## Supplied entries:
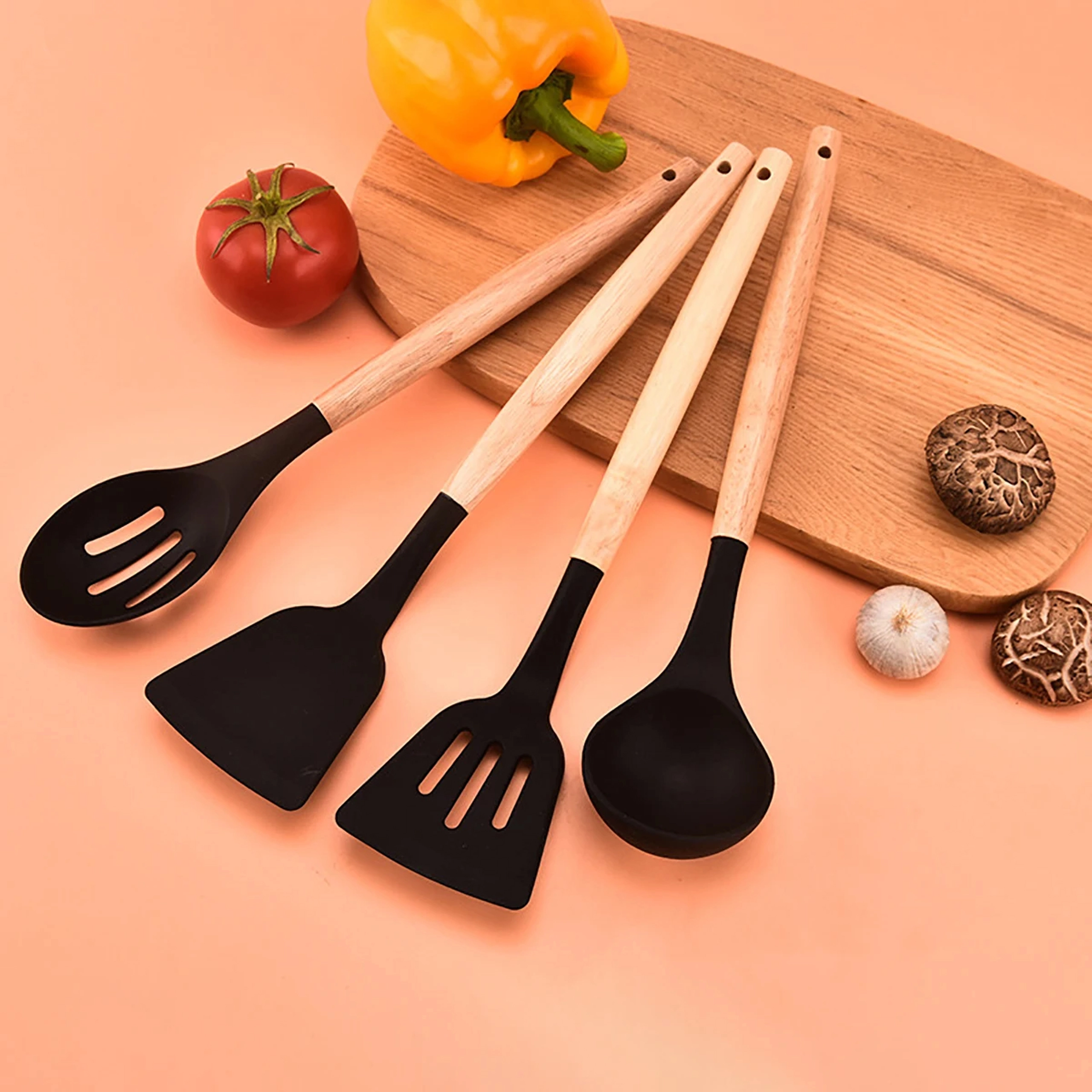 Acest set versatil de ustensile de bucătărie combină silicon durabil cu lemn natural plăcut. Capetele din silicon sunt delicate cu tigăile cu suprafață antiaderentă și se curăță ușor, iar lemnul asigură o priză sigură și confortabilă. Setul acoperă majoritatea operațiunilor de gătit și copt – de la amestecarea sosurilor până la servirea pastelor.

...

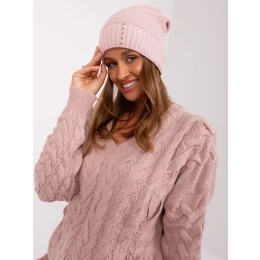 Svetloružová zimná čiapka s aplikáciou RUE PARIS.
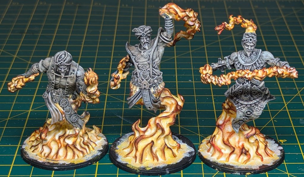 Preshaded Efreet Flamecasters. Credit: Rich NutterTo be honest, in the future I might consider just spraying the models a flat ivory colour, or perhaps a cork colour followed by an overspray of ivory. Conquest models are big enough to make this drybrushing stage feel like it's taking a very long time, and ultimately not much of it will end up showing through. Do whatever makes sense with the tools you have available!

--

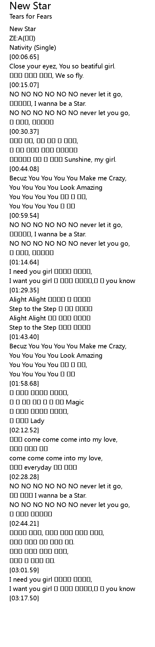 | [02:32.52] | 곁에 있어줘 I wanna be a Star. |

## Problem details:
When copying from the data above, begin at the line containing "Svetloružová zimná čiapka" and end at the line containing "Preshaded Efreet Flamecasters."; return those lines exactly and leave all pictures behind.

## Response to the task:
 Svetloružová zimná čiapka s aplikáciou RUE PARIS.
 Preshaded Efreet Flamecasters. Credit: Rich NutterTo be honest, in the future I might consider just spraying the models a flat ivory colour, or perhaps a cork colour followed by an overspray of ivory. Conquest models are big enough to make this drybrushing stage feel like it's taking a very long time, and ultimately not much of it will end up showing through. Do whatever makes sense with the tools you have available!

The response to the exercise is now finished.